ASSIGNMENT ::
What you submit must be an exact copy of the listing below, with no images in it.
** DATASET SECTION follows **
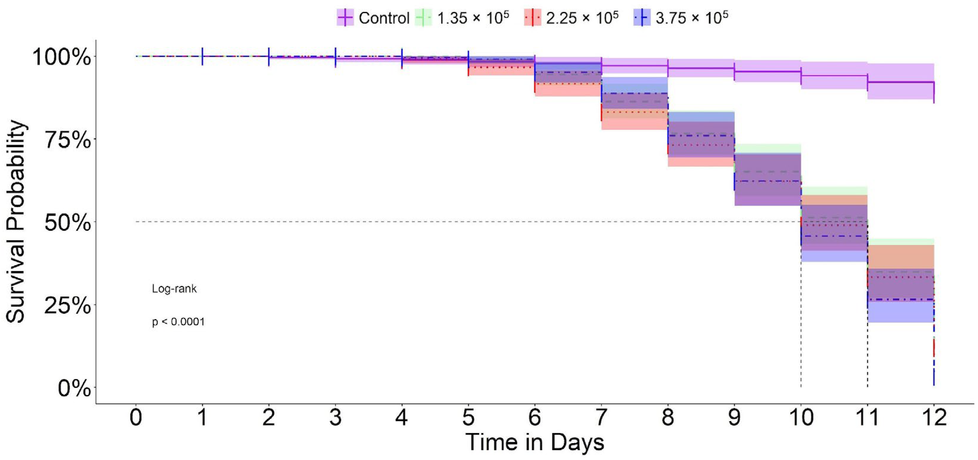 - Georgievska, L.; Hoover, K.; van der Werf, W.; Muñoz, D.; Caballero, P.; Cory, J.S.; Vlak, J.M. Dose dependency of time to death in single and mixed infections with a wildtype and egt deletion strain of Helicoverpa armigera nucleopolyhedrovirus. J. Invertebr. Pathol. 2010, 104, 44–50. [Google Scholar] [CrossRef][Green Version]
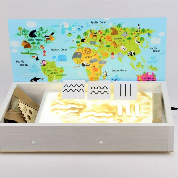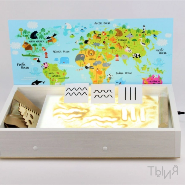 В комплекте: световой планшет, крышка, песок, подсветка, яркий корпус, отсек для инструментов и песка.
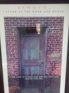 At first I keep walking down the hall and then I think, wait a sec, I think that really may be someone at the door.  Sure enough it’s a guy.  He’s pointing at our picture that sits on the table in the entryway that says, “I stand at the door and knock” and then he says through the glass – “See, I stand at the door and knock.”  I open the door and of course he’s asking for assistance and if we’re a church.  (I must say that I love our Winthrop Wesley sign and the symbol of the cross and flame that is now big on our wall outside, but no one ever stopped by and asked for assistance before we had that new sign.  I guess they didn’t think we were a church with the words “The Wesley Foundation” on the outside, probably thinking we were a bank or insurance company or philanthropy or something.)
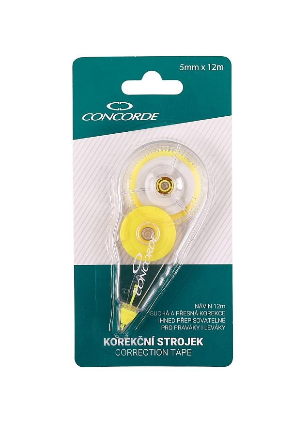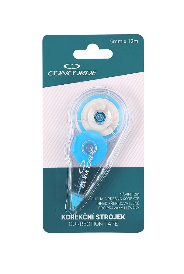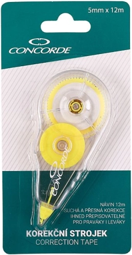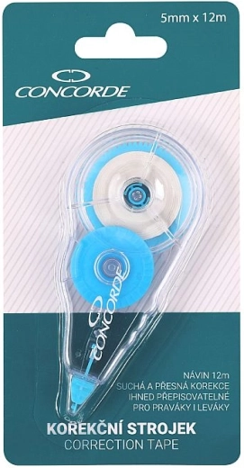Bandă corectoare practică de unică folosință CONCORDE Lungo cu lățimea de 5 mm și lungimea de 12 m pentru corecturi rapide și curate. Oferă o suprafață uscată imediat reinscriptibilă, control optic al capacității rămase și derulare lină fără rupere. Nu lasă umbre pe fotocopii și, datorită rotiței suplimentare, poți întinde cu ușurință banda.
** End of DATASET SECTION **
YOUR RESPONSE ::
 - Georgievska, L.; Hoover, K.; van der Werf, W.; Muñoz, D.; Caballero, P.; Cory, J.S.; Vlak, J.M. Dose dependency of time to death in single and mixed infections with a wildtype and egt deletion strain of Helicoverpa armigera nucleopolyhedrovirus. J. Invertebr. Pathol. 2010, 104, 44–50. [Google Scholar] [CrossRef][Green Version]
 В комплекте: световой планшет, крышка, песок, подсветка, яркий корпус, отсек для инструментов и песка.
 At first I keep walking down the hall and then I think, wait a sec, I think that really may be someone at the door.  Sure enough it’s a guy.  He’s pointing at our picture that sits on the table in the entryway that says, “I stand at the door and knock” and then he says through the glass – “See, I stand at the door and knock.”  I open the door and of course he’s asking for assistance and if we’re a church.  (I must say that I love our Winthrop Wesley sign and the symbol of the cross and flame that is now big on our wall outside, but no one ever stopped by and asked for assistance before we had that new sign.  I guess they didn’t think we were a church with the words “The Wesley Foundation” on the outside, probably thinking we were a bank or insurance company or philanthropy or something.)
Bandă corectoare practică de unică folosință CONCORDE Lungo cu lățimea de 5 mm și lungimea de 12 m pentru corecturi rapide și curate. Oferă o suprafață uscată imediat reinscriptibilă, control optic al capacității rămase și derulare lină fără rupere. Nu lasă umbre pe fotocopii și, datorită rotiței suplimentare, poți întinde cu ușurință banda.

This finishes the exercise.